Jota menjadi simbol harapan dan inspirasi di tanah airnya. Ia membuktikan pada seluruh negeri bahwa mencapai puncak itu mungkin meski jalannya tak selalu lurus.
Bakatnya memang sudah ada sejak lama.
Saking besarnya, di awal karier saat mulai menarik perhatian di Pacos, salah satu mantan pelatihnya, Jorge Simao, berani menyatakan Jota akan menjadi penerus Cristiano Ronaldo.
Pemain itu tentu terkejut mendengarnya, tapi segera berpikir, ‘Kalau dia percaya, kenapa aku tidak?’
Jota adalah kasus langka pesepakbola elite Portugal yang tak pernah bergabung dengan akademi besar—Benfica, Sporting, maupun Porto.
“Yang membedakannya dari yang lain adlah aspek mental, cara ia menghadapi setiap situasi—dan ia menyadarinya dengan cepat,” kata Gilberto Andrade, koordinator sepakbola muda Pacos dulu, kepada BBC Sport.
“Ada momen dimana, entah sebagai pelatih, koordinator, atau direktur, perkataan tertentu berdampak besar pada pemain.

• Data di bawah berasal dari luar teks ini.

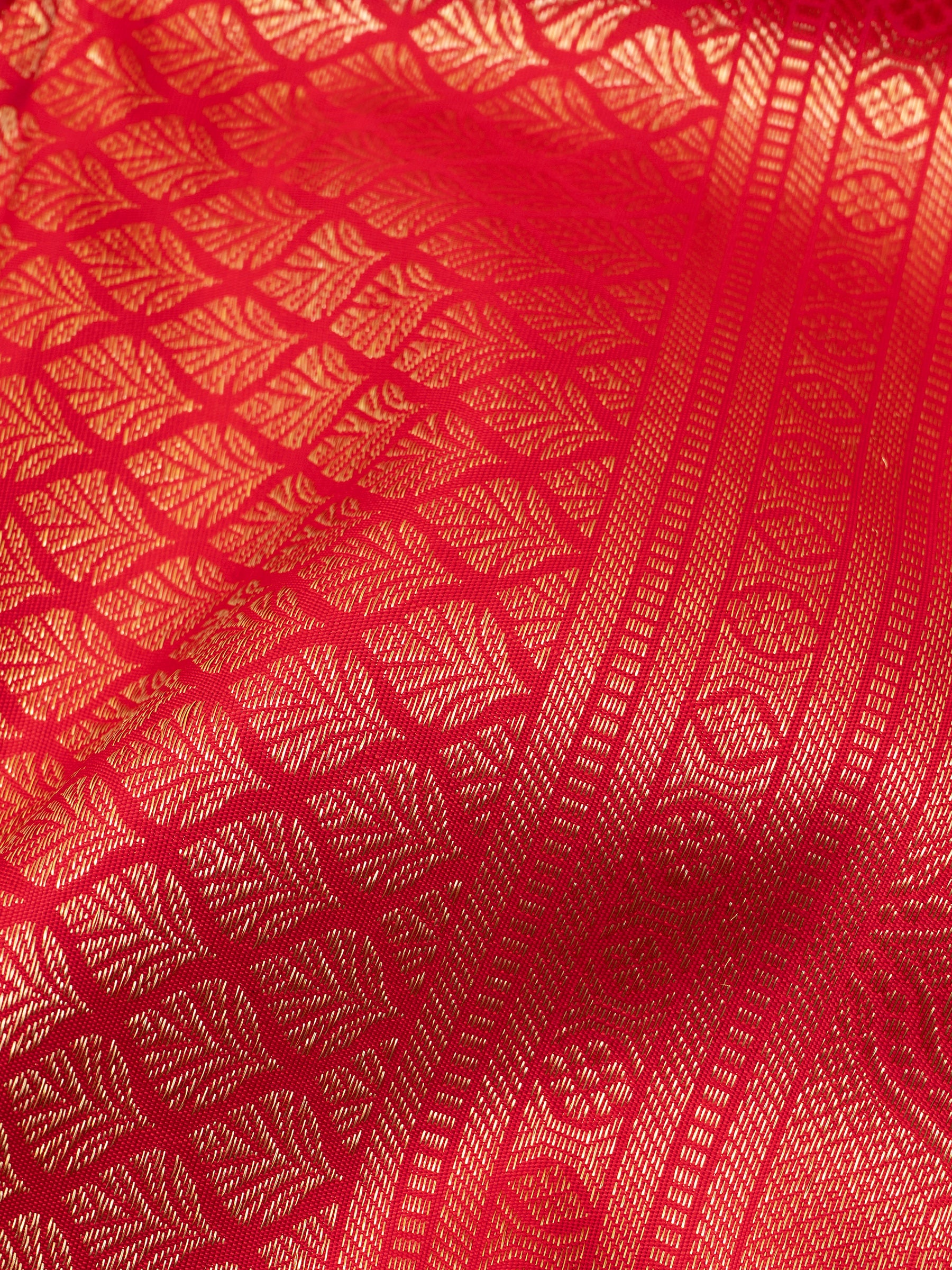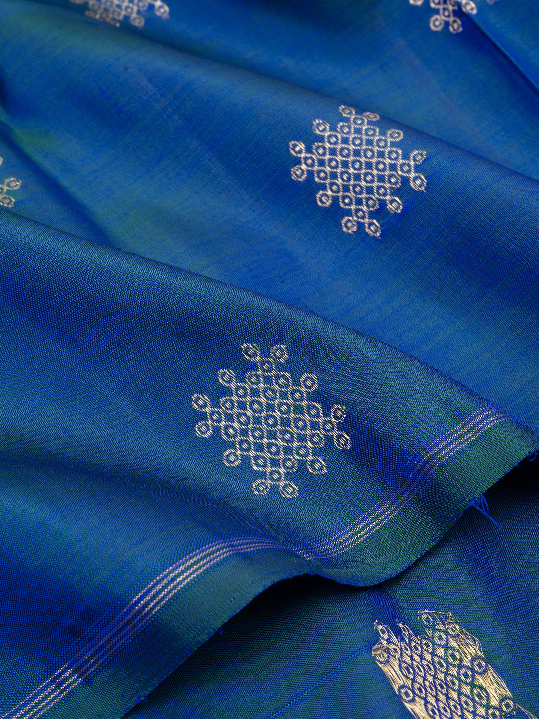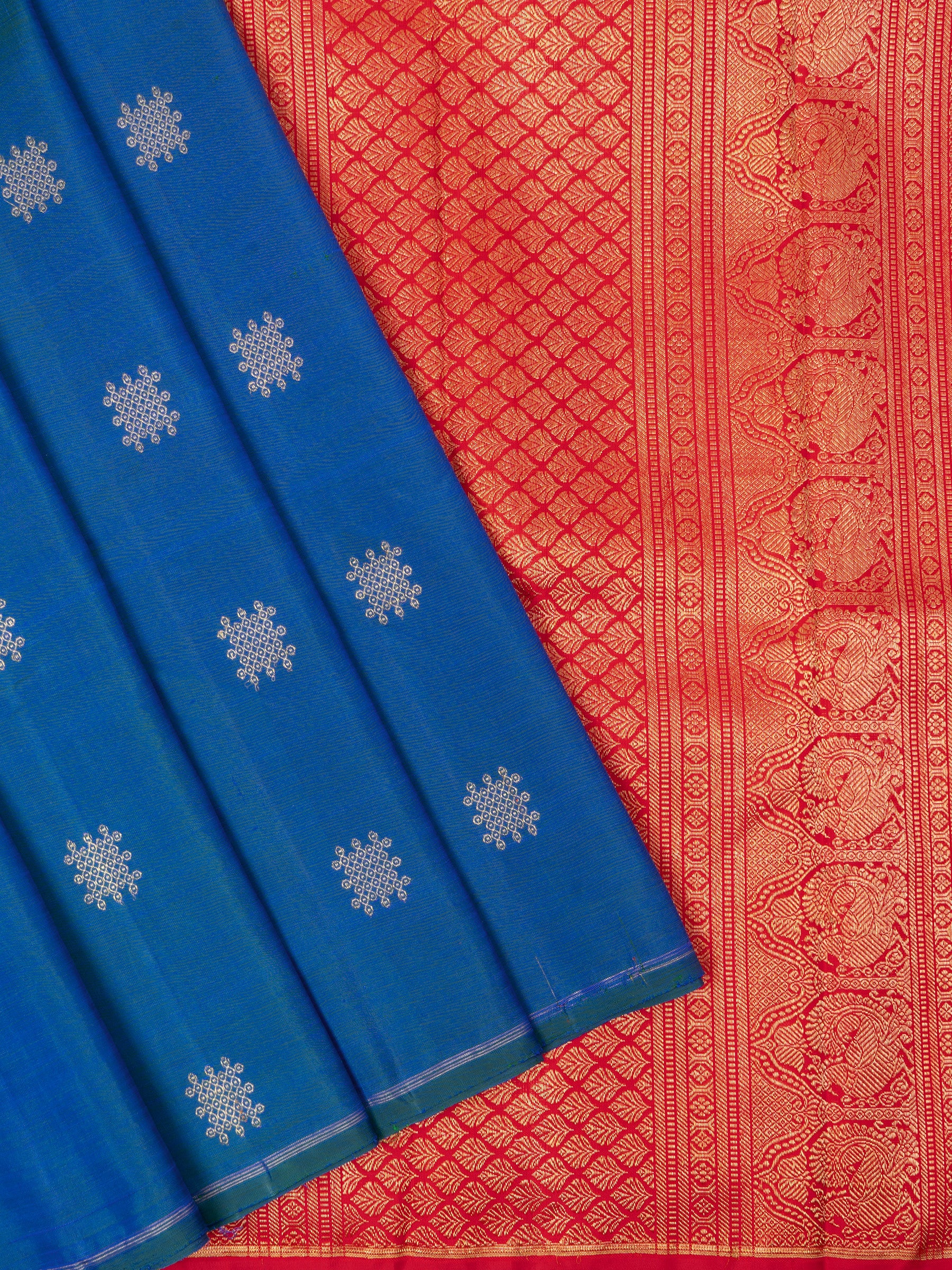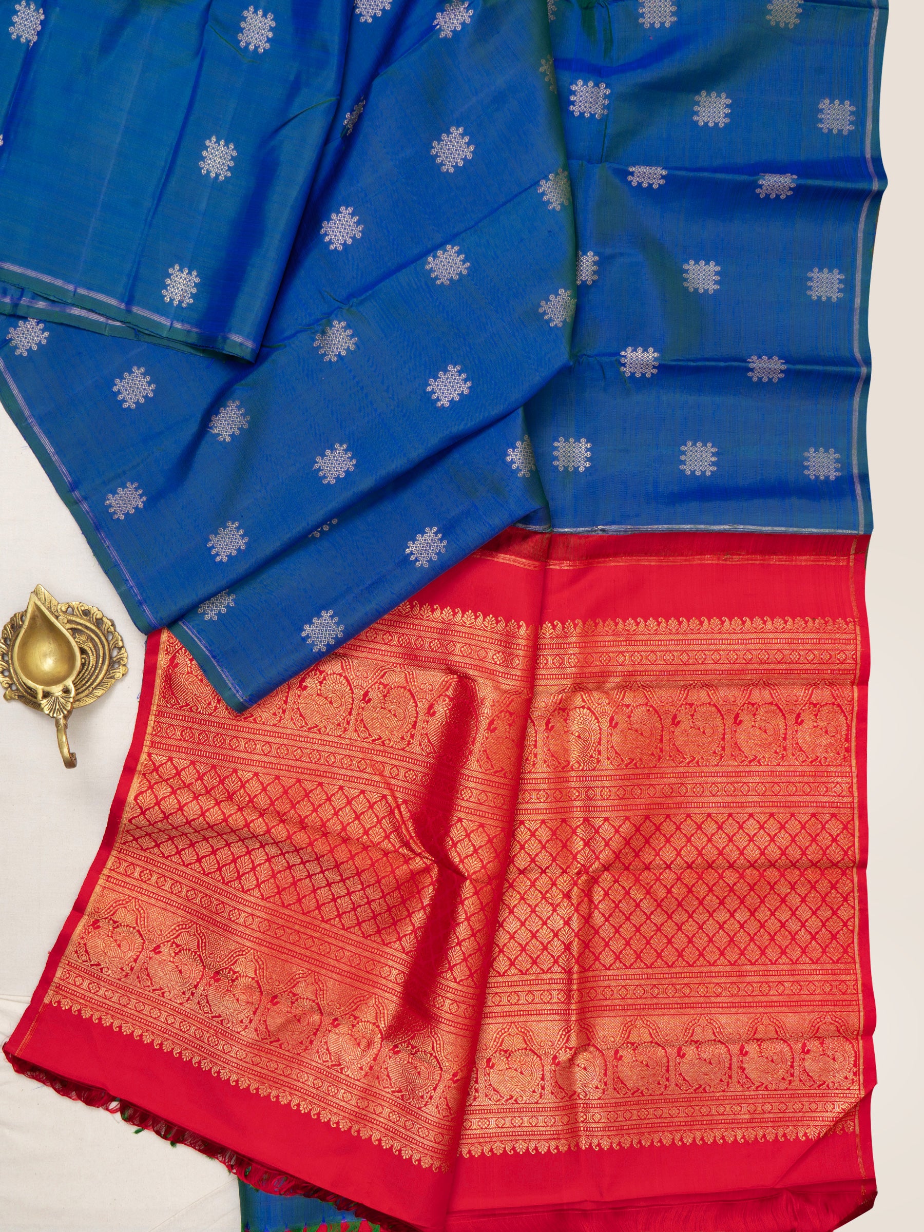 The body is mayilkazhuthu colour with Kolam Butta in body and red dense pure Zari Palla and blouse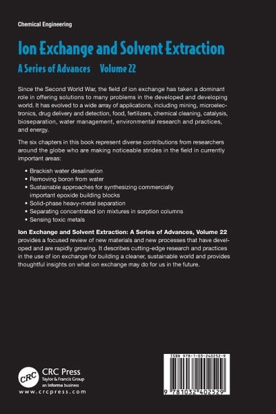 Since the Second World War, the field of ion exchange has taken a dominant role in offering solutions to many problems in the developed and developing world. It has evolved to a wide array of applications, including mining, microelectronics, drug delivery and detection, food, fertilizers, chemical cleaning, catalysis, bioseparation, water management, environmental research and practices, and energy. The six chapters in this book represent diverse contributions from researchers around the globe who are making noticeable strides in the field in currently important areas:Brackish water desalination Removing boron from water Sustainable approaches for synthesizing commercially important epoxide building blocks Solid-phase heavy-metal separation Separating concentrated ion mixtures in sorption columns Sensing toxic metals Ion Exchange and Solvent Extraction: A Series of Advances, Volume 22 provides a focused review of new materials and new processes that have developed and are rapidly growing. It describes cutting-edge research and practices in the use of ion exchange for building a cleaner, sustainable world and provides thoughtful insights on what ion exchange may do for us in the future.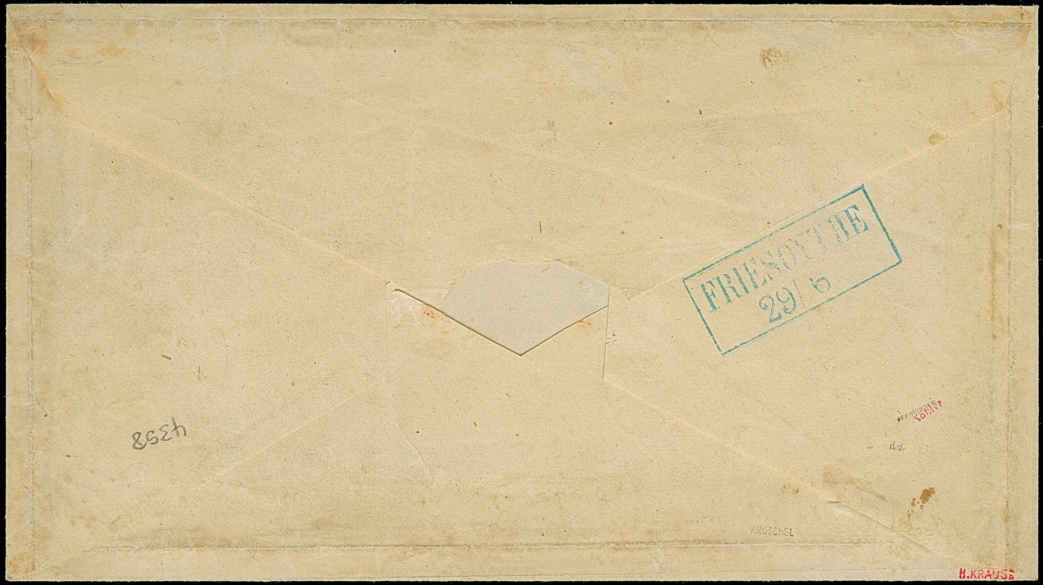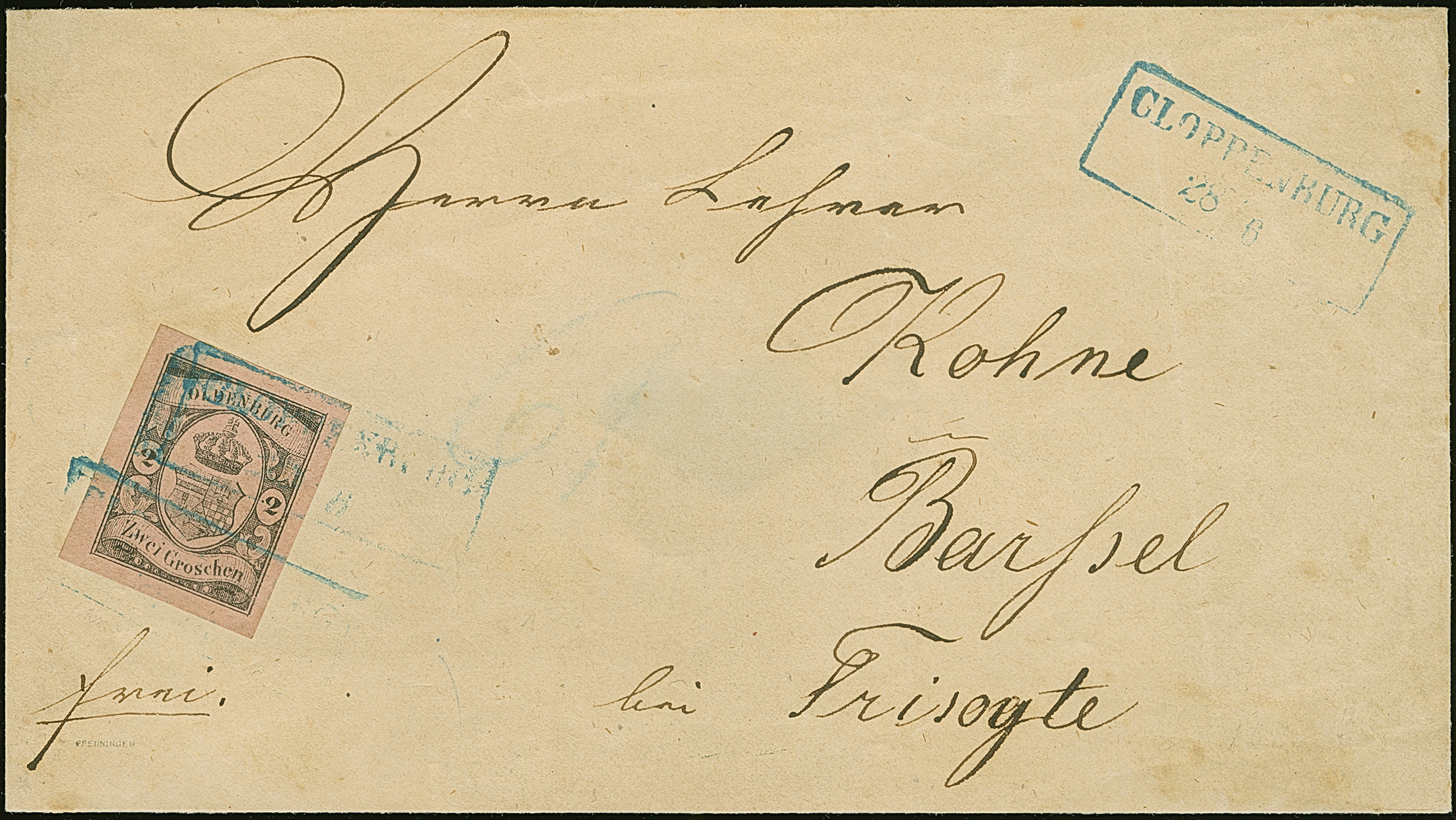 2 Gr. auf mattrötlichkarmin, farbfrisch und allseits besonders breitrandig mit blauem Rahmenstempel “CLOPPENBURG 28.6.” auf Briefkuvert der 2. Gewichtsstufe nach Barßel bei Friesoythe mit Ankunftsstempel. Der Umschlag ist im Rand neu umgefaltet und hat Faltspuren, die Marke ist in tadelloser Erhaltung, signiert H. Krause, Köhler und Pfenninger mit Attest (1958) sowie Fotoattest Brettl BPP (2000)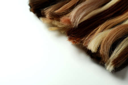 Different color female hair on white background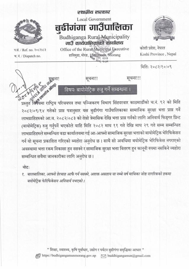 » बायोमेट्रिक रुजु गर्ने सम्बन्धमा ।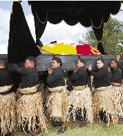 3月27日,人们在汤加首都努库阿洛法抬着汤加国王图普五世的棺椁,从皇宫前往皇家墓地。当天,汤加为18日逝世的国王图普五世举行葬礼。图普五世18日在中国香港病逝,享年63岁。乔治·图普五世于2006年其父图普四世病逝后继承王位,去年他被确诊患有癌症。 新华社发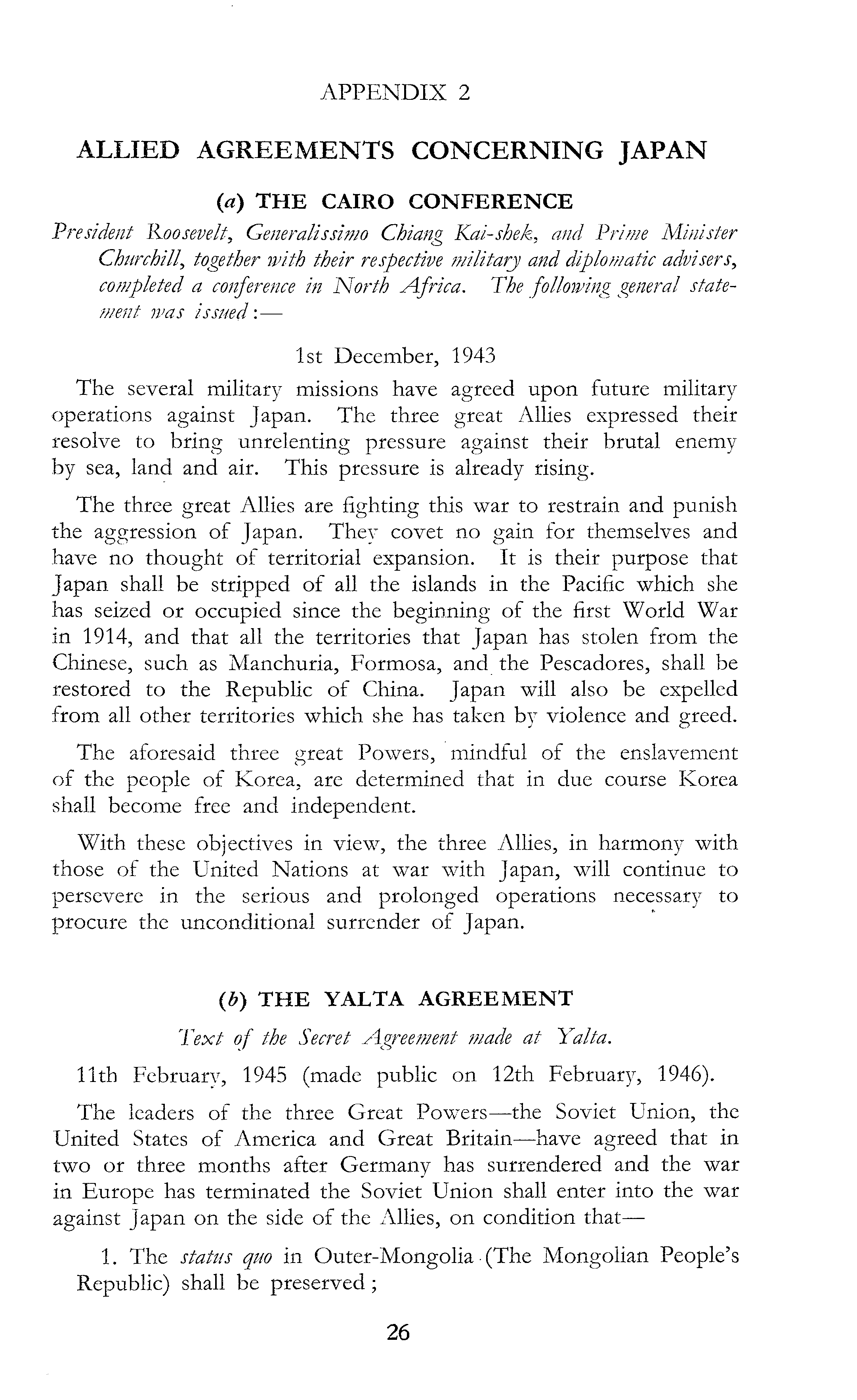 APPENDIX 2 ALLIED AGREEMENTS CONCERNING JAPAN (a) THE CAIRO CONFERENCE President Roosevelt, Generalissimo Chiang Kai-shek, and Prime Minister Churchill, together with their respective military and diplomatic advisers, completed a conference in North Africa. The following general statement was issued Ist December, 1943 The several military missions have agreed upon future military operations against Japan. The three great Allies expressed their resolve to bring unrelenting pressure against their brutal enemy by sea, land and air. This pressure is already rising. The three great Allies are fighting this war to restrain and punish the aggression of Japan. They covet no gain for themselves and have no thought of territorial expansion. It is their purpose that Japan shall be stripped of all the islands in the Pacific which she has seized or occupied since the beginning of the first World War in 1914, and that all the territories that Japan has stolen from the Chinese, such as Manchuria, Formosa, and the Pescadores, shall be restored to the Republic of China. Japan will also be expelled from all other ter-ritories which she has taken by violence and greed. The aforesaid three great Powers, mindful of the enslavement of the people of Korea, are determined that in due course Korea shall become free and independent. With these objectives in view, the three Allies, in harmony with those of the United Nations at war with Japan, will continue to persevere in the serious and prolonged operations necessary to procure the unconditional surrender of Japan. (b) THE YALTA AGREEMENT Text of the Secret Agreement made at Yalta. 11th February, 1945 (made public on 12th February, 1946). The leaders of the three Great Powers —the Soviet Union, the United States of America and Great Britain —have agreed that in two or three months after Germany has surrendered and the war in Europe has terminated the Soviet Union shall enter into the war against Japan on the side of the Allies, on condition that—1. The status quo in Outer-Mongolia. (The Mongolian People's Republic) shall be preserved;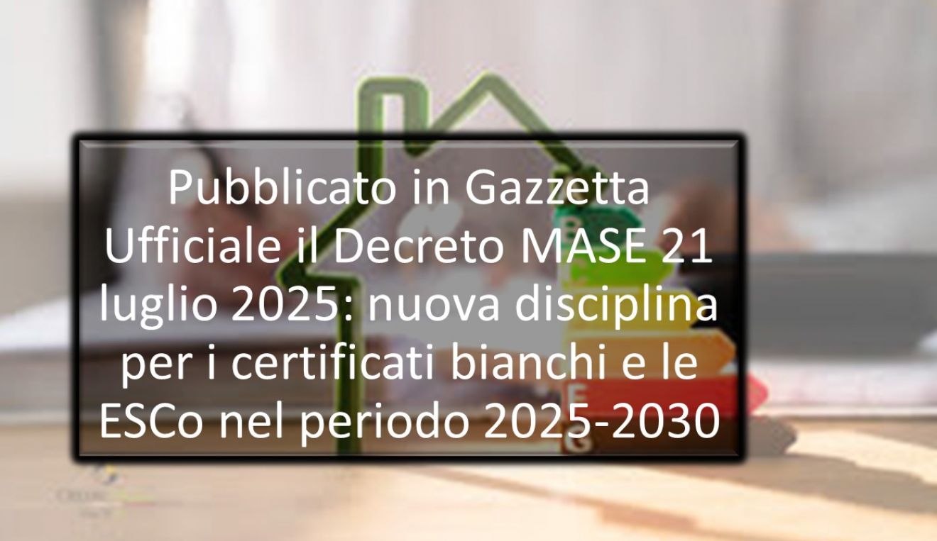 Il Decreto Ministeriale 21 luglio 2025, pubblicato sulla Gazzetta Ufficiale n. 211 dell’11 settembre 2025, aggiorna la disciplina dei Certificati Bianchi (Titoli di Efficienza Energetica - TEE) per il periodo 2025-2030. Composto da 21 articoli e allegati tecnici, il decreto definisce: soggetti obbligati e ammessi, obiettivi nazionali di risparmio energetico, criteri di ammissione e modalità di valutazione...

Saat itu mungkin mereka tak sepenuhnya paham, tapi keliatan dari sikap, cara latihan, dan keseharian mereka.”
“Dan Jota, aku rasa, sedikit banyak paham apa artinya jadi pemain profesional, atlet yang baik, orang yang baik. Ia contoh dalam hal itu. Contoh, karena sukses seringkali membuat pemain lain tersesat gara-gara uang yang mereka dapat.”
“Tapi tidak dengannya. Ia selalu disiplin, cerdas, rendah hati. Investasi dengan bijak, tau apa yang dilakukannya, menolong sesama. Inilah gambaran yang harus tetap melekat padanya.”